======== Available data
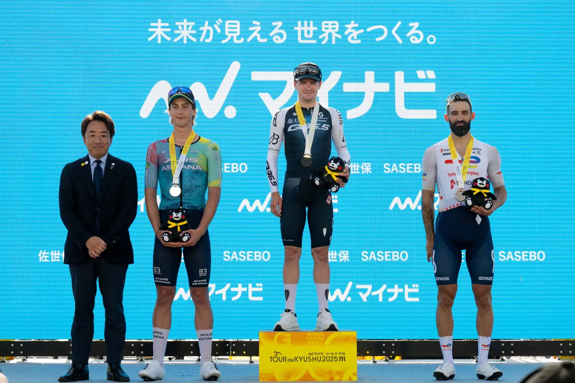Podio del critérium del Tour de Kyushu
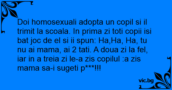 Doi homosexuali adopta un copil si il trimit la scoala. In prima zi toti copii isi bat joc de el si ii spun: Ha,Ha, Ha, tu nu ai mama, ai 2 tati. A doua zi la fel, iar in a treia zi le-a zis copilul :a zis mama sa-i sugeti p***!!!
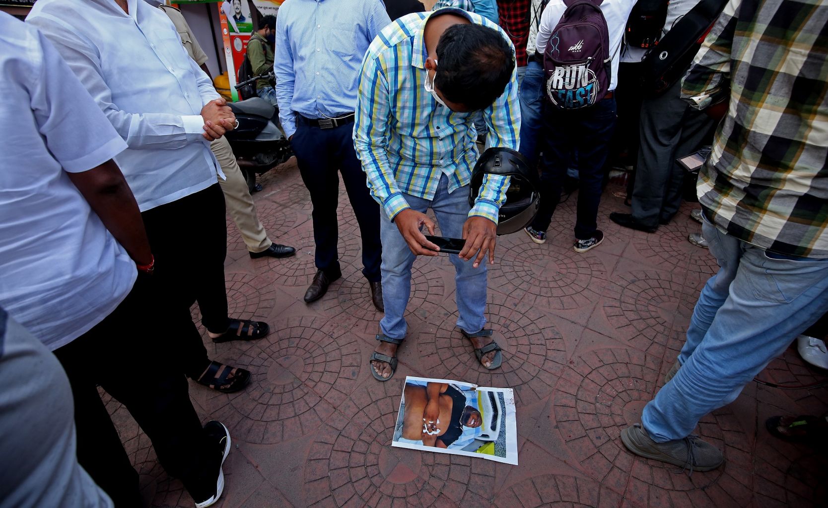 A photograph of a Congolese man who died in police custody is seen on a footpath outside a police station in Bangalore, India, on Aug 2, 2021.
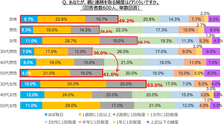 別居している70歳以上の親(以下、親)と連絡を取り合う頻度を聞いたところ、約半数(49.2%)の人が2週間に1度以上の頻度連絡を取り合っており、男性より女性のほうが頻繁に連絡を取り合う人が多いようです。特に30代の女性は、ほかの年代・性別より高い頻度で連絡を取り合っていることがわかりました。男性は年齢が上がるほど、親と連絡を取り合っている傾向があることが分かりました。
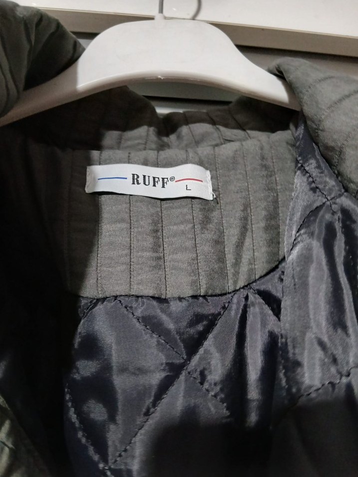 Gri keten kumaştan, fırfırlı ve kesimli yakalı erkek midi ceket. Uzun kollu ve günlük sokak stili için uygundur. Marka: RUFF°.
================
**Work to complete**
Begin with the first line of the records and repeat every line up to the one with "A photograph of", counting that line too. Pictures are not part of the copy.

**Solved problem**
Podio del critérium del Tour de Kyushu
 Doi homosexuali adopta un copil si il trimit la scoala. In prima zi toti copii isi bat joc de el si ii spun: Ha,Ha, Ha, tu nu ai mama, ai 2 tati. A doua zi la fel, iar in a treia zi le-a zis copilul :a zis mama sa-i sugeti p***!!!
 A photograph of a Congolese man who died in police custody is seen on a footpath outside a police station in Bangalore, India, on Aug 2, 2021.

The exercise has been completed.